I don’t know what will happen between now and April, I don’t know whether I’ll get to the start line and if I do I don’t know what the targets will be. I’m taking each run as it comes, neither worrying about being slow nor putting pressure on myself to speed up.
So at the moment I’m back to that feeling of not caring, but in completely the opposite way.
Who cares about pace or target times? I’m just here for the run.
6 thoughts on “Running Strong – London Chronicles 1”
I know what you mean about the track session. What’s there not to like about a good 400s interval session!
LikeLiked by 1 person
😊 my splits were insanely even as well, my pacing is better post injury!

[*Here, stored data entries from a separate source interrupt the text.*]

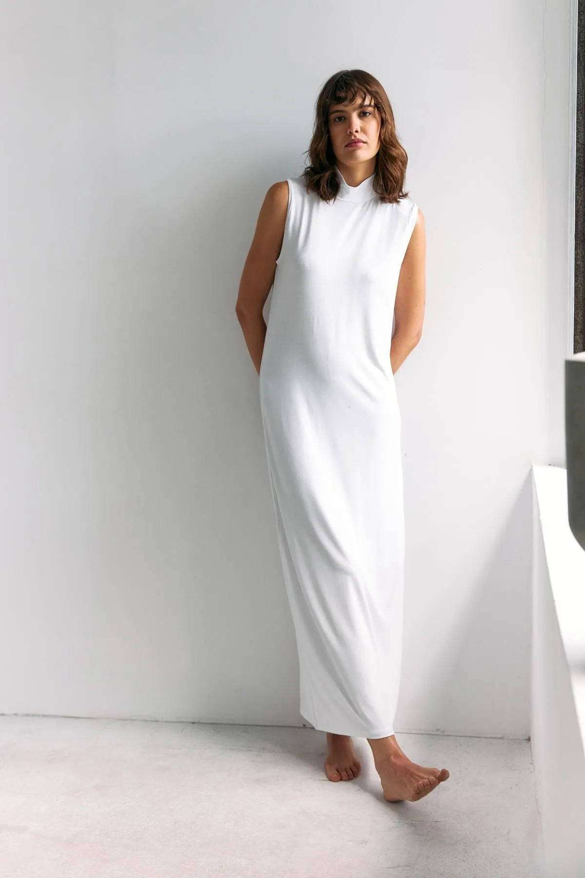 فستان ميدي محبوك بتفصيل مزموم عند الخصر وياقة V. قصة محددة تمنحك أناقة يومية بلمسة مريحة.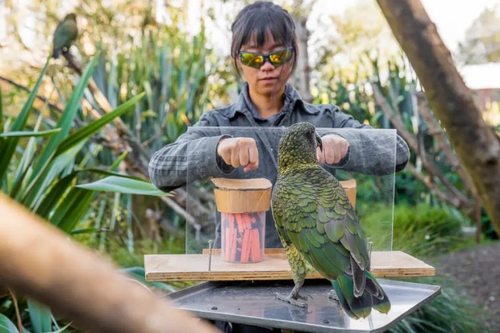 啄羊鹦鹉生活在新西兰环境严酷的高山上,平日喜欢咬咬登山者的背包和鞋子,偶尔也翻翻垃圾桶,或者合作撬开门窗找食物,甚至把登山客锁在山上的厕所。凭借特有的好奇心和超高智商,啄羊鹦鹉在新西兰家喻户晓。不少科学研究都证实了啄羊鹦鹉的聪明伶俐——它们不仅会使用工具,还能顺利通过许多智力游戏测试。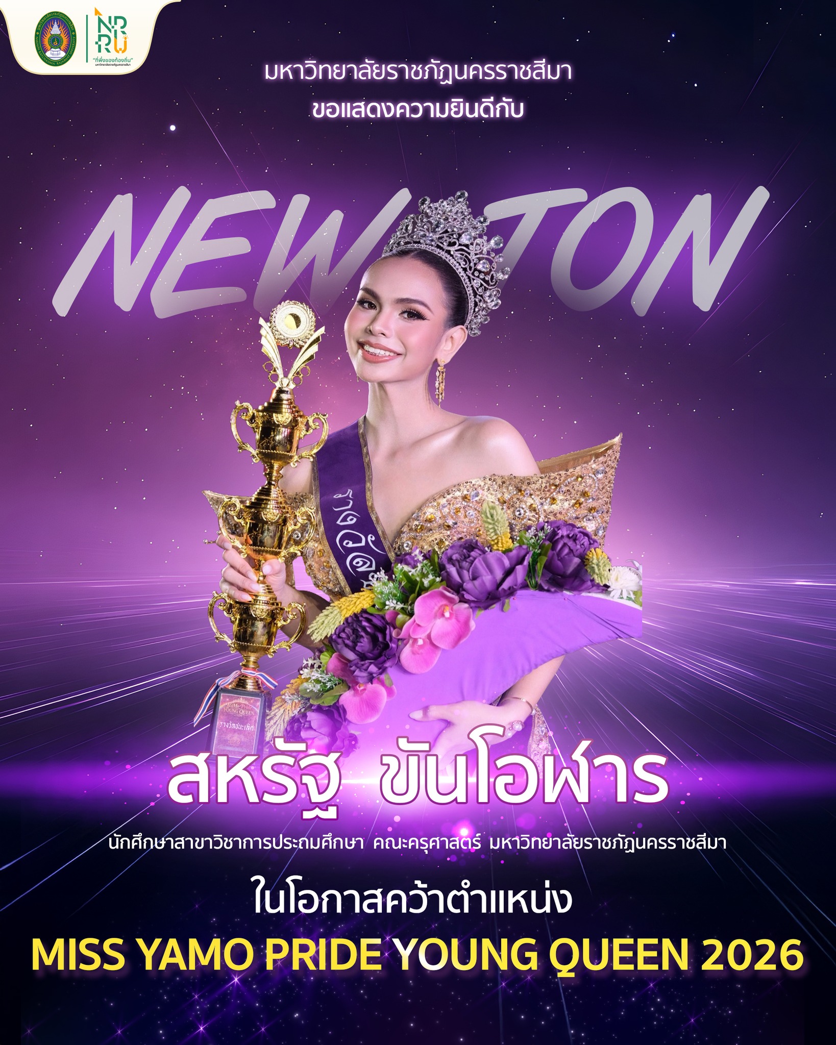 มหาวิทยาลัยราชภัฏนครราชสีมา ขอแสดงความยินดีกับ สหรัฐ ขันโอฬาร คว้าตำแหน่ง Miss YAMO PRIDE YOUNG QUEEN 2026

Great job getting back out there. Winter/spring training has not been my favorite time of year, but it has taught me to persevere in the coldest of times. Are you sticking with only Brooks’ Vapor 2s now? What were you wearing before? I’m just curious what the difference was.
LikeLiked by 1 person
I prefer it, it’s harder in the summer! Until recently I was wearing Asics GT-2000’s. I’m an overpronator so those help with that, but I’d been told Brooks were good for balancing out heel striking because they are well cushioned. I was trying out some Ravennas but something was off – the guy in the shop explained it’s all to do with the midsole support; the Ravennas were making me move upwards more than forward and I think that made me overextend my trick knee. The Vapors don’t do that and are super comfy so I can run more naturally. So far so good, we’ll see how they do over 10 miles next week!
LikeLiked by 1 person
Latest blog has left me feeling very relieved. Thank you.
I’m still in the ‘any run is a good run’ space so it’s good to see that you appear to be enjoying training again. Running is meant to be fun. (Or so I have been told).